When you think about the SAP landscape and how it has evolved so drastically in the last ten years, can you point to a specific innovation which you get excited about and is a particular favourite?

ABAP Cloud! SAP software and ABAP are very closely related, obviously. Yet, when SAP got involved with cloud computing it was first with Java and NetWeaver OnDemand (Neo), followed by open source Cloud Foundry, which in theory supported many runtimes but in practice mostly hosted JavaScript (Node.js) apps. It took some time before developers could extend SAP S/4HANA applications in the cloud. ABAP Cloud was announced at SAP TechEd and you can learn more on the topic, visiting the SAP Community (ABAP topic area).

You’re pretty busy with all you do Denys. Do you ever get any time for hobbies?

We need to make time! It is important to keep a check on work/life balance. I like to read, mostly non-fiction and biographies.
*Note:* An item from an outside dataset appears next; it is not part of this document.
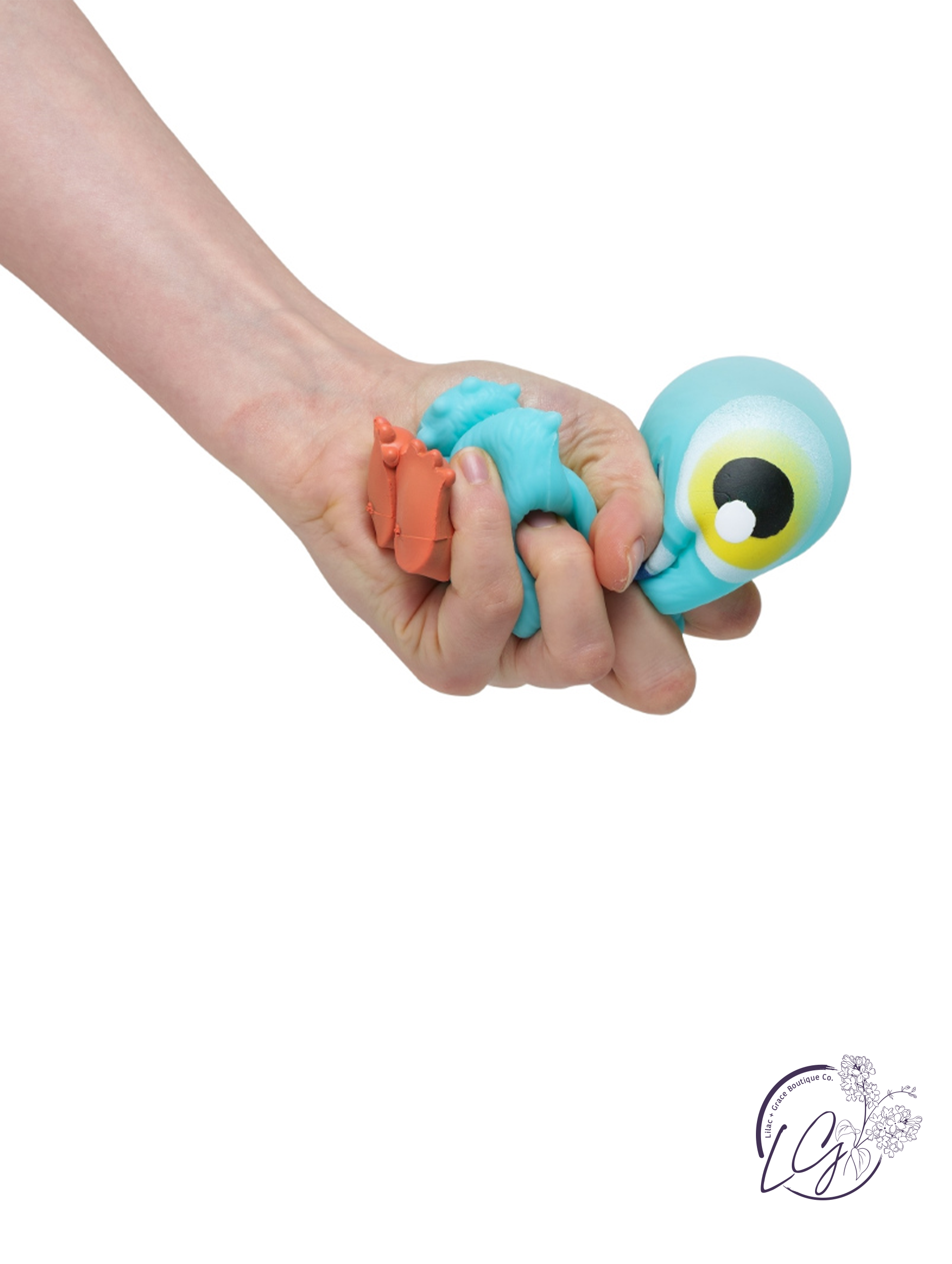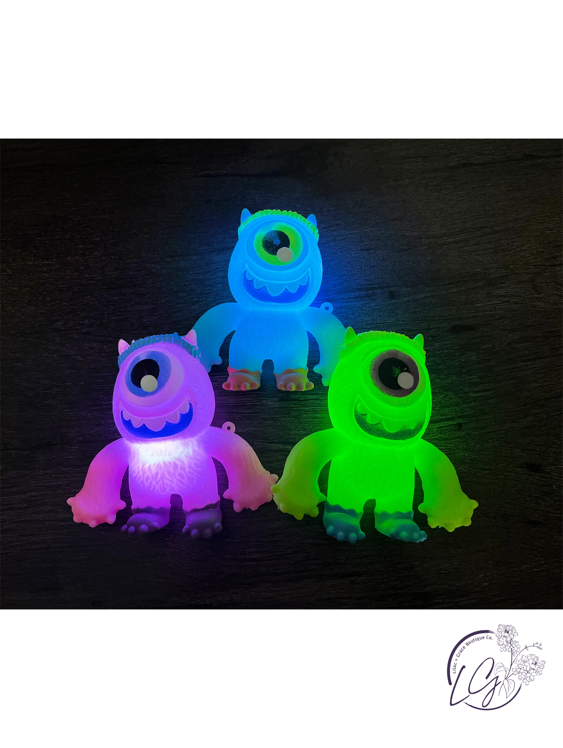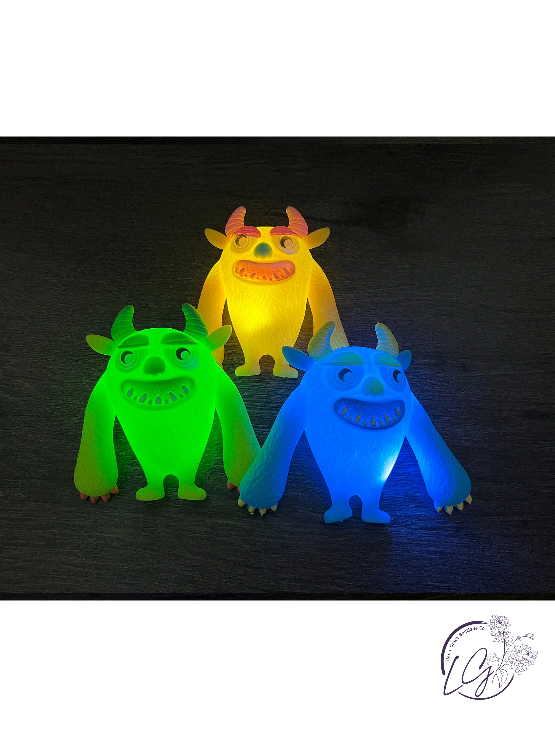 Squishy monster toy with light up features. Give this colourful creature a tap and its insides will light up, causing the cute critter to glow with a subtle warmth.

I’ve just finished “The Age of The Strongman” by Gideon Rachman, a great book. My partner shares my love for classical music, so we try to go for a night at the opera from time to time (a great excuse for a weekend trip). But I also like to simply go for a stroll or a short hike. A bit of fresh air, no screen time.

You obviously had a keen interest in travel in the past – presumably you still do? Where is your dream location on earth and why?
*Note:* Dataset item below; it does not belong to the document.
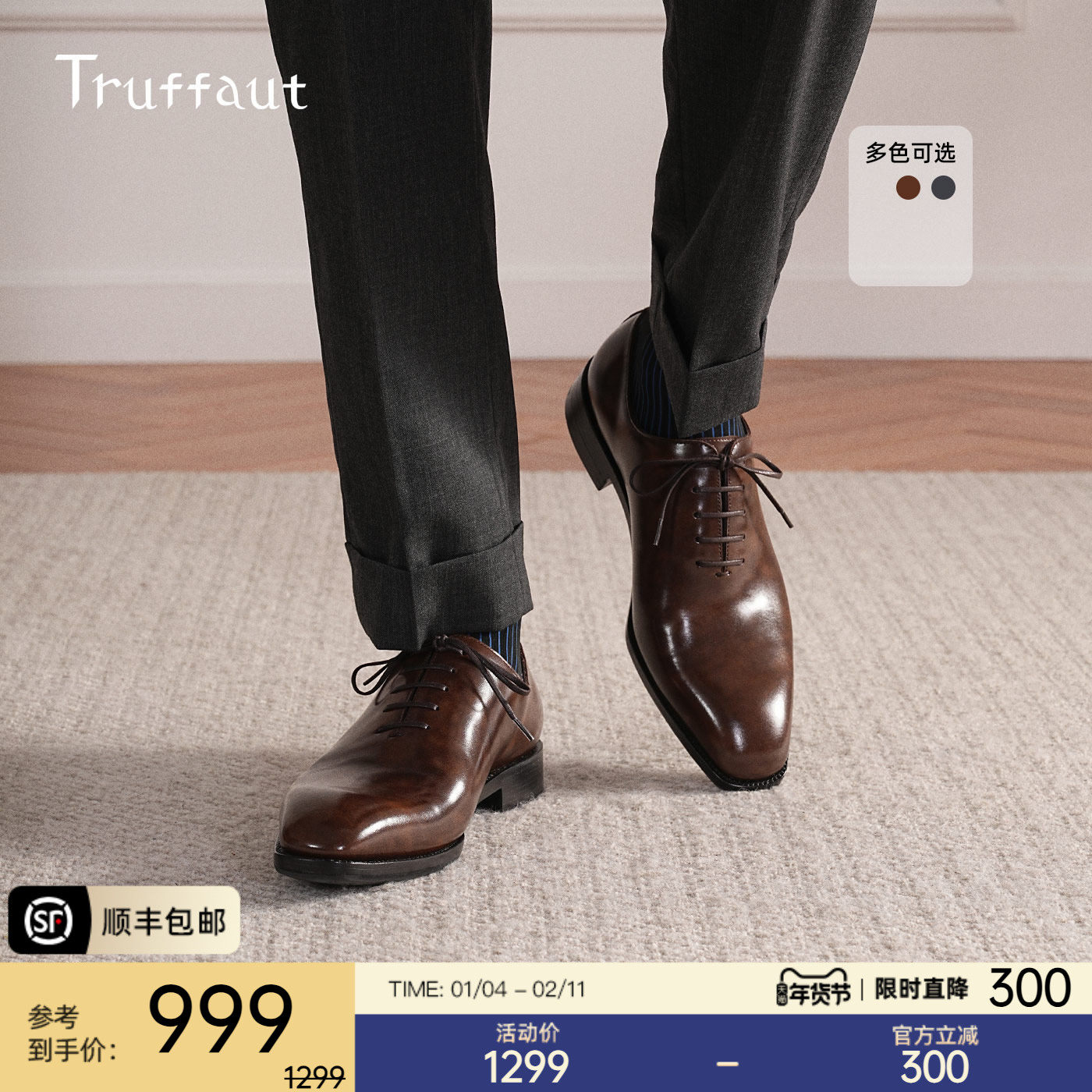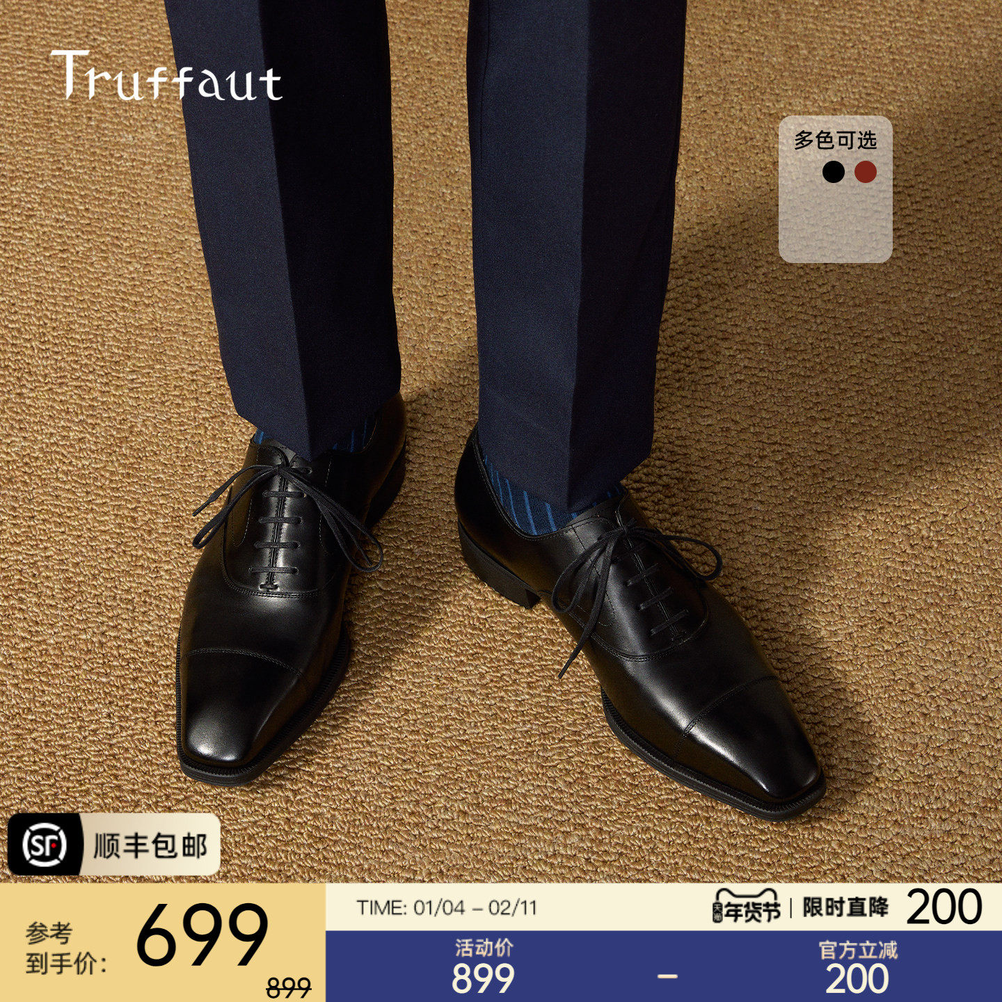 【体验价】Truffaut手工皮鞋男真皮正装商务牛津鞋新郎结婚鞋皮底

It is truly a privilege to be able to travel and meet different people. We have all experienced lockdowns and seen how this affect us. I’m glad to be able to travel again, for business and pleasure, to any destination, not necessarily far away. I’ve enjoyed visiting distilleries in Scotland as much as visiting temples in Kyoto. I do have a slight preference for where it is warm and sunny.

Finally, the question we always ask our interviewees. What advice would you give to any new consultants just starting out in the industry? And the same question for existing SAP ECC6 consultants struggling to come to terms with SAP S/4HANA?

Find a mentor and take a look around before starting to dig. There are so many different roles inside the SAP ecosystem you can take on, try to find something that most suits you. For those just getting started, you can get a SAP Technology Consultant Professional Certificate on Coursera. Enroll for free here:

For business consultants who are already familiar with SAP applications and are interested to learn more about the latest releases, take a look at the learning journeys made available on the new training portal, SAP Learning. All certifications and training material to upskill for SAP S/4HANA can be found here.

I wish you all success with your careers!